WORK TASK: Return all of the data that follows precisely, leaving every image out.

Data items:
★ ★ ★ ★ ★ ★ ★

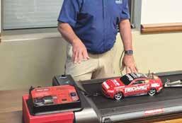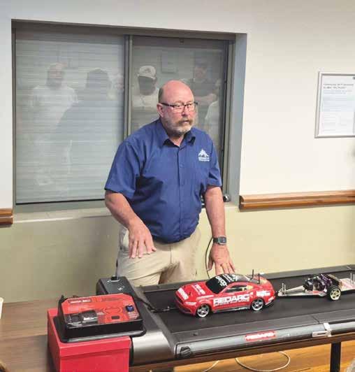 q Towing expert John Eggenhuizen using a model to demonstrate how to brake a towed caravan safely and effectively.
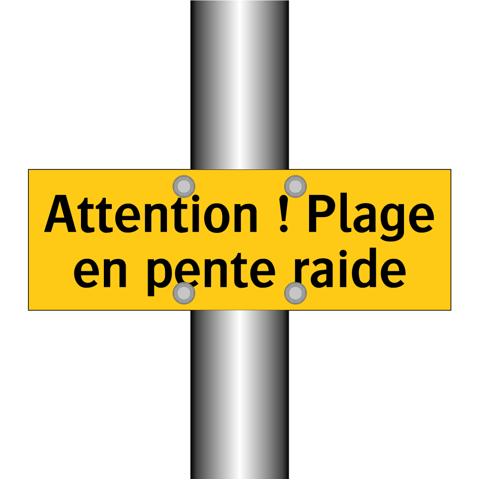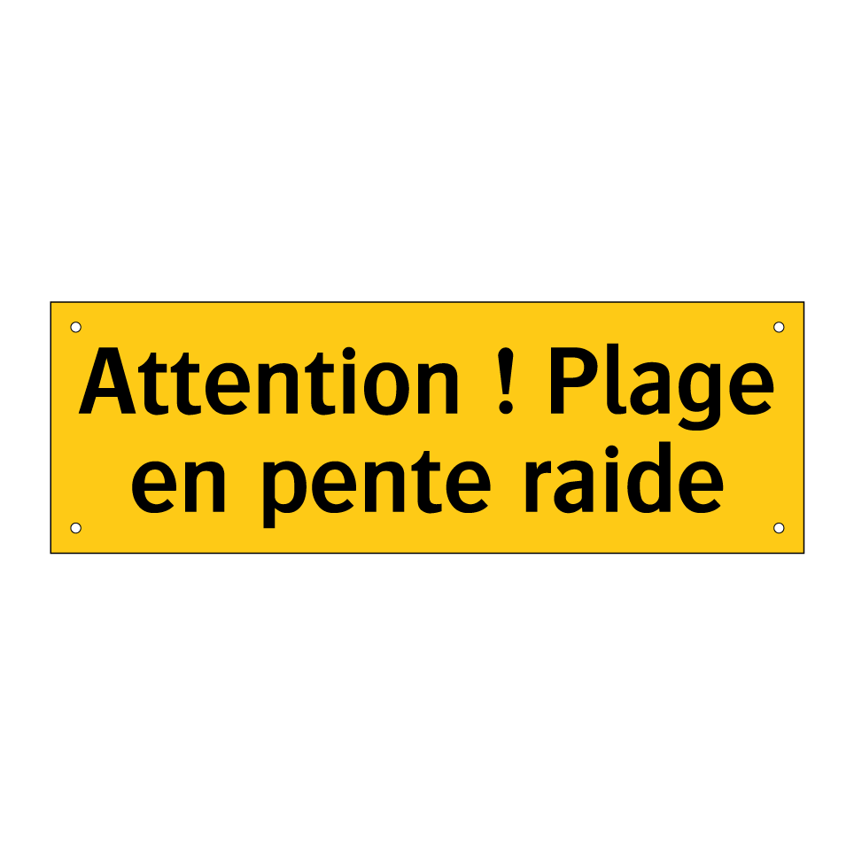Panneau d'avertissement avec le texte : "Attention ! Plage en pente raide"
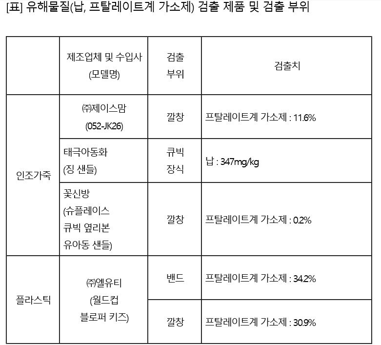 3개 제품에서는 피부와 직접 접촉하는 깔창과 발등 밴드에서 안전기준(0.1% 이하)을 최대 342배(최소 0.2%∼최대 34.2%) 초과하는 프탈레이트계 가소제가, 1개 제품 인조보석 장식품에서는 안전기준(300㎎/㎏ 이하)을 1.15배 초과(347㎎/㎏)하는 납이 검출됐다.
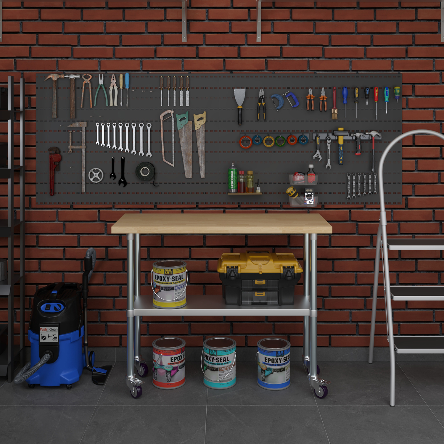For added convenience, the work table comes with a set of four sturdy wheels, allowing for effortless mobility and repositioning as needed. Whether you need to move the table across the kitchen or reposition it in a workshop, the smooth-rolling wheels make it easy to transport without compromising stability. Two of the wheels are equipped with locking mechanisms, ensuring that the table remains securely in place during use.
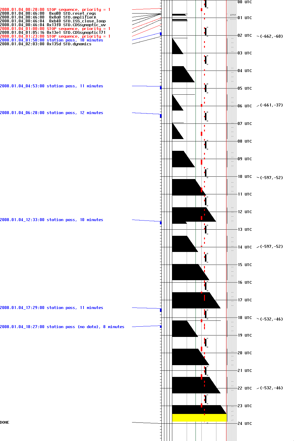 FILE:T08019TIMFIL TITLE:timeline for D019, Saturday, January 19, 2008 PURPOSE:Observe the coronal hole in SW for HOP61
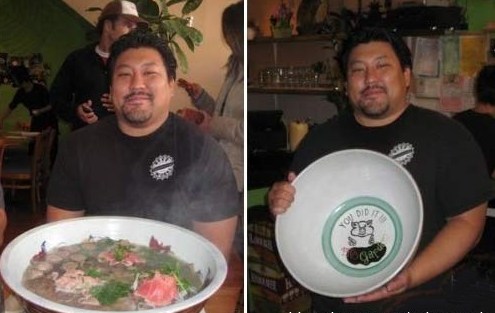 你也许很爱吃面条,但如此超级加大碗拉面,你能在60分钟内吃的一干二净吗?这是美国旧金山PHO GARDEN 面馆推出的Super XXL 越南拉面,只要你挑战成功,在规定的时间内吃完整碗面,就会看到碗底的祝贺成功的文字“你做到了!(You Did It!!!)”,而且店主人还会把你的获胜照片挂在墙上展示。不过对于大多数不能完成此“不可能完成的任务”的人,只能是高挂“我投降(I Surrender)”的白旗。

★ ★ ★ ★ ★ ★ ★

ANSWER BOX:
 q Towing expert John Eggenhuizen using a model to demonstrate how to brake a towed caravan safely and effectively.
Panneau d'avertissement avec le texte : "Attention ! Plage en pente raide"
 3개 제품에서는 피부와 직접 접촉하는 깔창과 발등 밴드에서 안전기준(0.1% 이하)을 최대 342배(최소 0.2%∼최대 34.2%) 초과하는 프탈레이트계 가소제가, 1개 제품 인조보석 장식품에서는 안전기준(300㎎/㎏ 이하)을 1.15배 초과(347㎎/㎏)하는 납이 검출됐다.
For added convenience, the work table comes with a set of four sturdy wheels, allowing for effortless mobility and repositioning as needed. Whether you need to move the table across the kitchen or reposition it in a workshop, the smooth-rolling wheels make it easy to transport without compromising stability. Two of the wheels are equipped with locking mechanisms, ensuring that the table remains securely in place during use.
 FILE:T08019TIMFIL TITLE:timeline for D019, Saturday, January 19, 2008 PURPOSE:Observe the coronal hole in SW for HOP61
 你也许很爱吃面条,但如此超级加大碗拉面,你能在60分钟内吃的一干二净吗?这是美国旧金山PHO GARDEN 面馆推出的Super XXL 越南拉面,只要你挑战成功,在规定的时间内吃完整碗面,就会看到碗底的祝贺成功的文字“你做到了!(You Did It!!!)”,而且店主人还会把你的获胜照片挂在墙上展示。不过对于大多数不能完成此“不可能完成的任务”的人,只能是高挂“我投降(I Surrender)”的白旗。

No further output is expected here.